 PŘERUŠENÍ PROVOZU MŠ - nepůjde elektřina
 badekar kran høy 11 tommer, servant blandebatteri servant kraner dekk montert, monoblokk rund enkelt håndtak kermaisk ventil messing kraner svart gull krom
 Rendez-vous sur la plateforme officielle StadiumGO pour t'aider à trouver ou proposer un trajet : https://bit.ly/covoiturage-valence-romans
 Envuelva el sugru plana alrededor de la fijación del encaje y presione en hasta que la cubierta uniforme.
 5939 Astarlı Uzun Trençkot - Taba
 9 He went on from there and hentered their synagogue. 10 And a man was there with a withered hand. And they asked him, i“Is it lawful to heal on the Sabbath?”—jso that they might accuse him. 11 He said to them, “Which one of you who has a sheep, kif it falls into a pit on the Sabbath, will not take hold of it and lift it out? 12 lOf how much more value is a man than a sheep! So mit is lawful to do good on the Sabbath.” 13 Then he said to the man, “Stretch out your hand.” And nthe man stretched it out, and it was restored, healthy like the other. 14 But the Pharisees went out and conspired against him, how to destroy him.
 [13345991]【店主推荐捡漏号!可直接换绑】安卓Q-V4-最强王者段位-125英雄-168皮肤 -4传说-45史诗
...
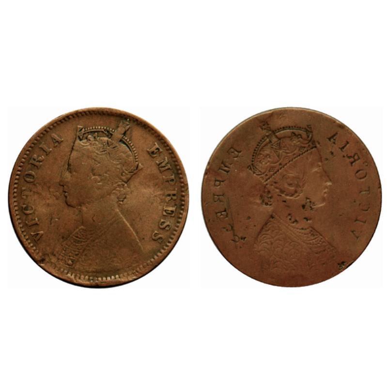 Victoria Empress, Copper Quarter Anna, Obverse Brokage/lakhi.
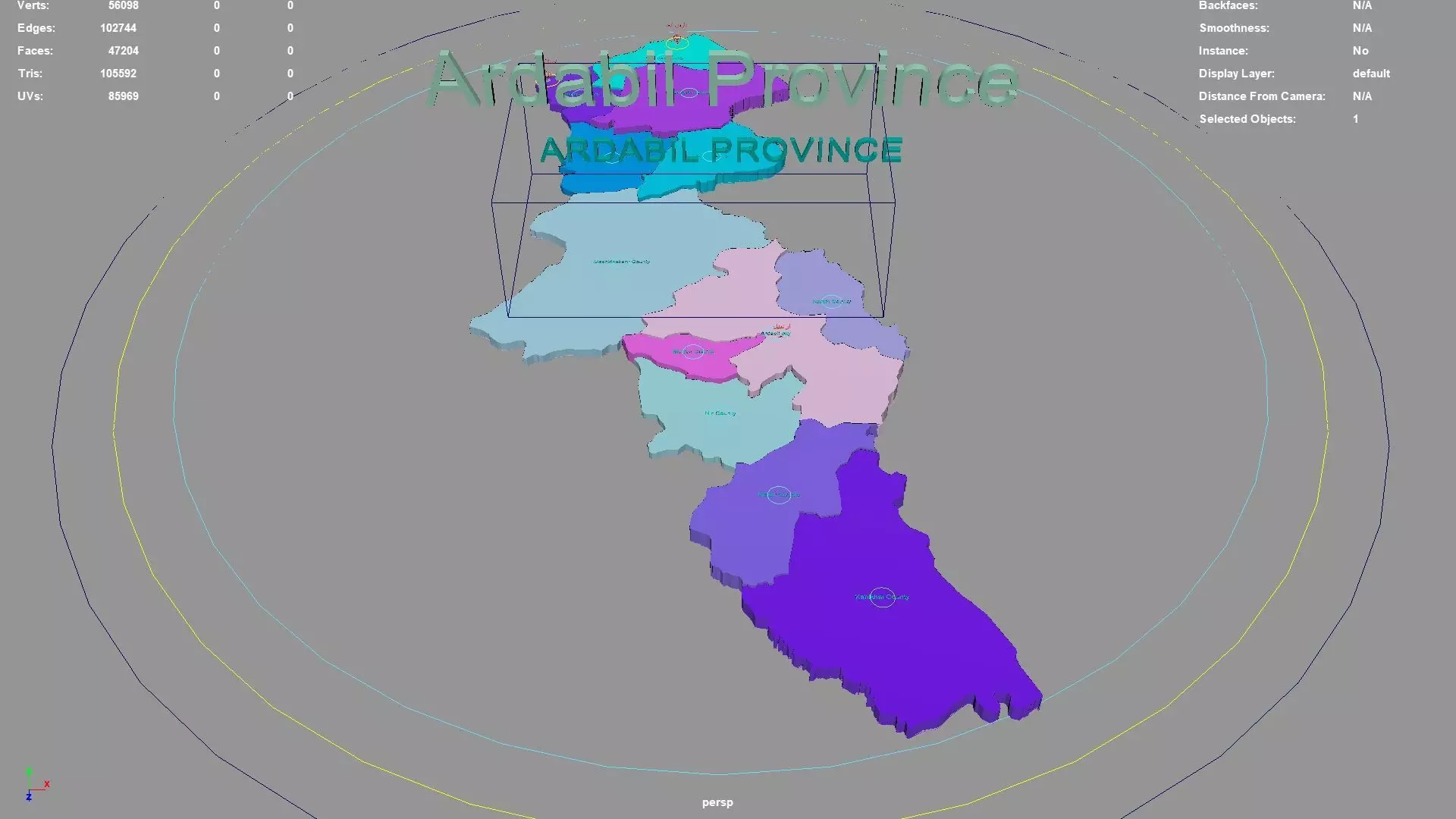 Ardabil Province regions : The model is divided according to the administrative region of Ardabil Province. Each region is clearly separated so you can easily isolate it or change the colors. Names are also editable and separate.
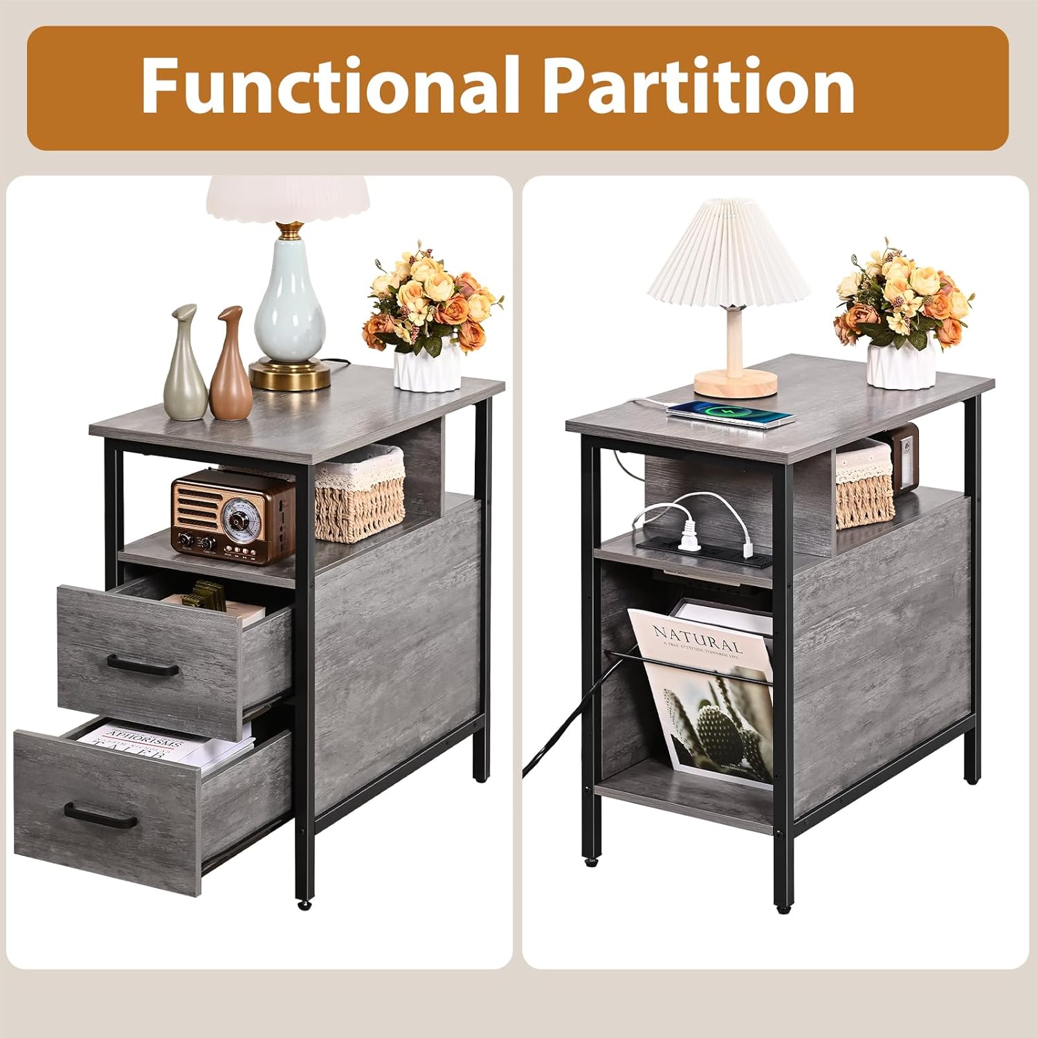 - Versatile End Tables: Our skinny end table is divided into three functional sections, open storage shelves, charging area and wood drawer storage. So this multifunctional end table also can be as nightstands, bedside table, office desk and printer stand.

## Directions for this task:
With the line holding "5939 Astarlı Uzun Trençkot - Taba" as the first and the line holding "[13345991]【店主推" as the last, please transcribe exactly the lines of the material above in that range and nothing else.

## Response:
 5939 Astarlı Uzun Trençkot - Taba
 9 He went on from there and hentered their synagogue. 10 And a man was there with a withered hand. And they asked him, i“Is it lawful to heal on the Sabbath?”—jso that they might accuse him. 11 He said to them, “Which one of you who has a sheep, kif it falls into a pit on the Sabbath, will not take hold of it and lift it out? 12 lOf how much more value is a man than a sheep! So mit is lawful to do good on the Sabbath.” 13 Then he said to the man, “Stretch out your hand.” And nthe man stretched it out, and it was restored, healthy like the other. 14 But the Pharisees went out and conspired against him, how to destroy him.
 [13345991]【店主推荐捡漏号!可直接换绑】安卓Q-V4-最强王者段位-125英雄-168皮肤 -4传说-45史诗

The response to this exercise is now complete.